Comparison of Idiographic, Nomothetic, and Nomothetic–Idiographic Model Performance for Negative Affect, Sadness, Anger, and Nervousness Using Random Forest and Elastic Net

		Nomothetic Group-Level Performance			Nomothetic Per-Participant Performance			Idiographic
		R²	R	RMSE	R²	R² range	RMSE	R²	R² range	RMSE
Negative Affect	Random Forest	.38	.62	0.55	.10 (.10)	.00; .41 Sig.n=53/97	0.52 (0.22)	.10 (.12)	.00; .47 Sig.n=42/97	0.47 (0.20)
	Elastic net	.17	.41	0.64	.11 (.09)	.00; .39 Sig.n=56/97	0.61 (0.27)	.10 (.12)	.00; .53 Sig.n=47/97	0.48 (0.20)
Sad	Random Forest	.33	.58	0.75	.10 (.12)	.00; 0.53 Sig.n=48/97	0.73 (0.27)	.10 (.13)	.00; .46 Sig.n=38/94	0.68 (0.22)
	Elastic net	.14	.37	0.85	.09 (.09)	.00; .42 Sig.n=51/97	0.82 (0.32)	.10 (.11)	.00; .51 Sig.n=46/94	0.69 (0.23)
Angry	Random Forest	.20	.45	.69	.09 (.12)	.00; .69 Sig.n=37/90	0.63 (0.33)	.06 (.07)	.00; .33 Sig.n=27/85	0.64 (0.29)
	Elastic net	.13	.36	.72	.07 (.07)	.00; .45 Sig.n=49/90	0.88 (0.32)	.07 (.08)	.00; .43 Sig.n=39/85	0.66 (0.31)
Nervous	Random Forest	.24	.49	.85	.06 (.08)	.00; .44 Sig.n=33/95	0.81 (0.29)	.08 (.12)	.00; 0.71 Sig.n=33/94	0.75 (0.27)
	Elastic net	.11	.33	.92	.07 (.07)	.00; .35 Sig.n=42/95	0.88 (0.33)	.09 (.12)	.00; 0.84 Sig.n=43/94	0.76 (0.29)

Open in a new tab

The group-level nomothetic model performed well, with R² values ranging from 0.11 to 0.38. However, when evaluated separately for each participant – which is critical given the ultimate goal of tracking fluctuations in emotions within individuals – nomothetic model performance decreased substantially. Mean R² values fell between 0.06 and 0.11, with considerable variability in predictive accuracy across participants. For example, when predicting mean negative affect (NA), individual R² values ranged from 0.00 to 0.41, demonstrating that while text features explained little to no variability in NA for some, they accounted for a large proportion of variability in others. See Table 2 for results for the specific negative emotions of sadness, anger, and nervousness.

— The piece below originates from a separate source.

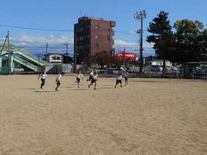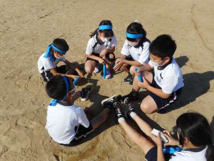 グラウンドで思いっきりバトンパスの練習をしました。少し時間が経つと、もっとバトンパスをよくするために、団で集まって作戦会議をする素敵な姿が見られました。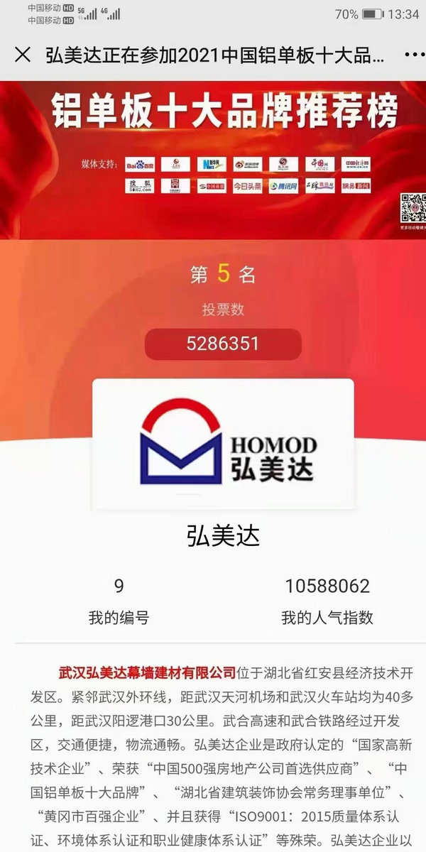 5月11日:【弘美達(dá)】再次入圍2021年度“鋁單板”十大品牌,很榮幸再獲佳績,感謝為弘美達(dá)付出的每一位同仕。

Model performance: Idiographic Approach

The idiographic approach (separate models for each individual) showed similar average performance to the nomothetic approach, with mean R² values ranging from 0.06 to 0.10. However, the idiographic approach demonstrated better performance in terms of root mean squared error (RMSE) (0.47 to 0.76) compared to the nomothetic model (0.52 to 0.88), suggesting lower prediction error. Fig. 1 displays the relationship between predicted and observed (actual) NA ratings using person-specific (idiographic) models. Each colored line represents an individual participant’s predicted estimates (y-axis) across different levels of actual NA (x-axis). While the overall trend, represented by the dashed black line, suggests a generally positive relationship between predicted and actual ratings, indicating that the models capture meaningful within-person fluctuations in NA, there were large between-person differences in the strength of these associations.

The relationship between predicted and observed (actual) negative affect ratings using person-specific (idiographic) models. Panel (a) Random Forest (b) Elastic Net. Each colored line represents an individual participant’s predicted estimates (y axis) across different levels of actual negative affect (x axis).

Fig. 2 displays the substantial differences in model accuracy across individuals by showcasing examples of four high- vs low-accuracy person-specific models (figures for all other outcomes and for all participants for both the nomothetic and idiographic models are available on the Web app section “True vs. Predicted”).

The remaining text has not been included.